LoqiRoam · 旅日記

音の余白をたどる宇和島

城と博物館で土地の記憶をたどり、庭園、郷土料理、商店街、公園へ。暮らしの音と静けさの境目を歩いた。

出目を出ると、最初は何か大きな音に出会える気がしていた。けれど列車で市街へ近づき、宇和島城へ向かう坂を上ると、聞こえたのは靴底と風ばかりだった。天守から町を見下ろし、伊達博物館で土地の時間を覗くうちに、音は景色の添え物ではなく、場所の厚みを測るものだと思えてきた。天赦園の池でその考えがほどけ、鯛めしの店では海が湯気と箸の音に姿を変えた。きさいやロードのアーケードでは人の声に混ざり、和霊公園の木陰でまた遠くなる。
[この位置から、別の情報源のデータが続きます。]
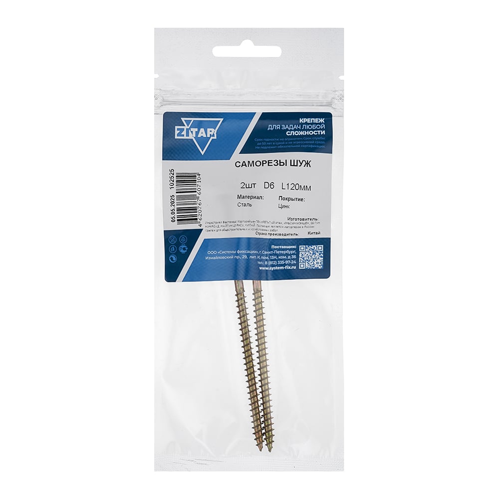 Саморез ШУж с потайной головкой 6,0x120 мм, 2 шт в пакете Zitar 102525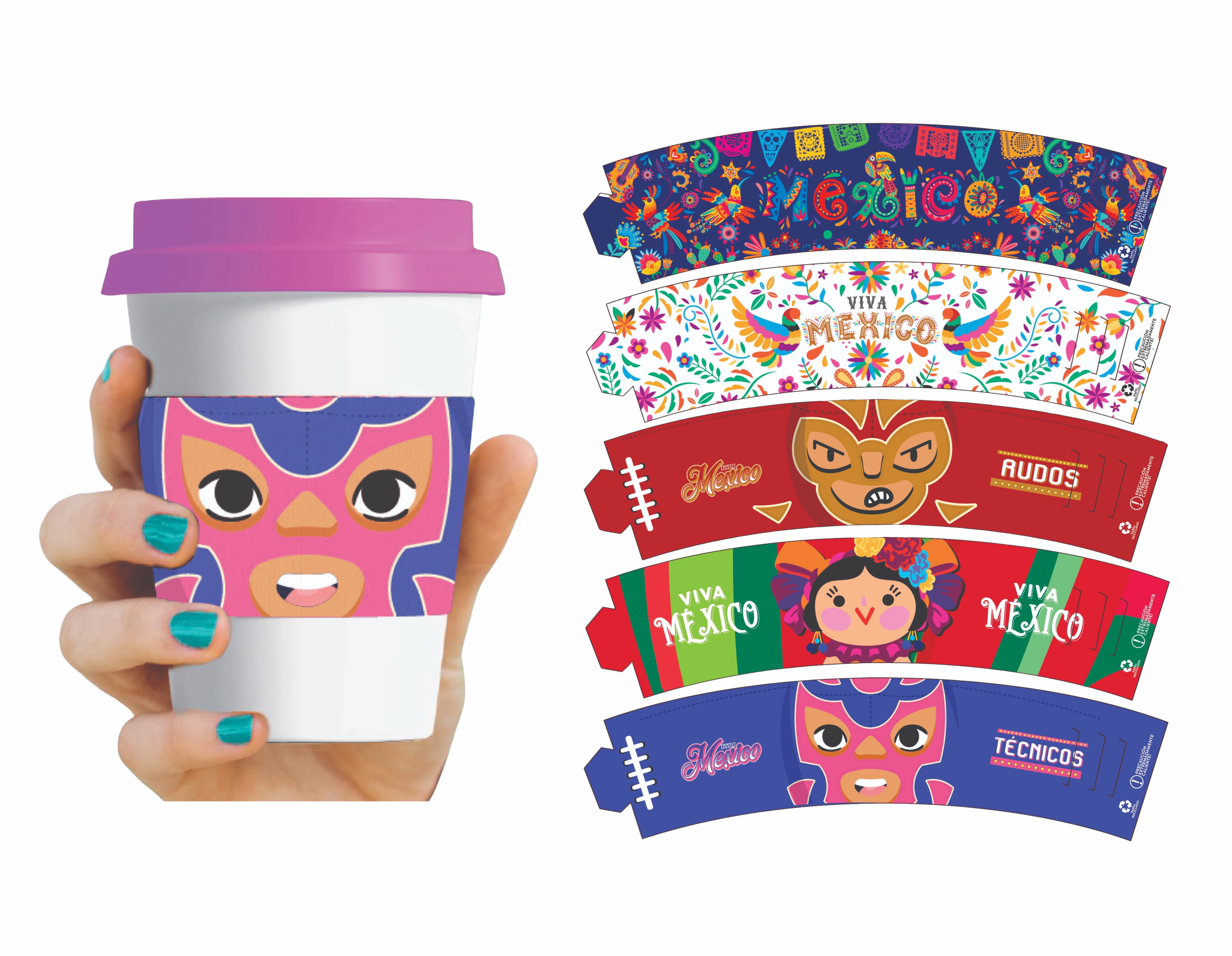 Fajilla cintillo aislante manga edición Fiestas Patrias. 50 pz Ajusta en vaso de papel: 8 oz, 10 oz, 12 oz, 16 oz, 20 oz. Paquete surtido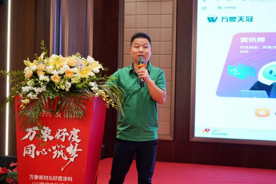 旺德府家居集團大客戶業務中心總經理湯科先生,圍繞政策與產品賦能體系進行詳細解讀。在闡述品牌及核心產品競爭優勢的同時,重點強調板材+輔材的產品推廣布局,明確以此助力品牌與合作伙伴共同開拓高端家居市場。

旅の終わりに残ったのは、静けさもまた町から受け取った音だという、小さな発見だった。

この旅の足跡

  1. 宇和島城は現存12天守の一つ。石垣の坂では靴底の音が先に上り、天守から町を見下ろすと、海の気配まで少し遠くに聞こえる気がした。
  2. 宇和島市立伊達博物館では、伊達家ゆかりの資料から町の時間が一枚の風景ではなく連続として見えてくる。展示室の静寂が、外の音を逆に鮮明にした。
  3. 天赦園は伊達宗紀が江戸時代末期に完成させた、池を中心とする約4000坪の庭園。水面の広がりと竹の気配に、城の硬さが静かにほどけていった。
  4. 宇和島鯛めしは、新鮮な鯛の刺身をたれや卵と薬味でご飯にのせる郷土料理。口に運ぶたび、宇和海が湯気と箸の音に姿を変えるのが面白かった。
  5. きさいやロードは宇和島のアーケード商店街。店先の声や自転車の通過音が天井に反射し、名所の余韻より、今ここで暮らす人のリズムが町を語っている気がした。
  6. 和霊公園は和霊神社に隣接する緑の多い場所。木陰に入ると商店街の反響が急に遠のき、大きな鳥居の記憶と落ち葉の音が同居していた。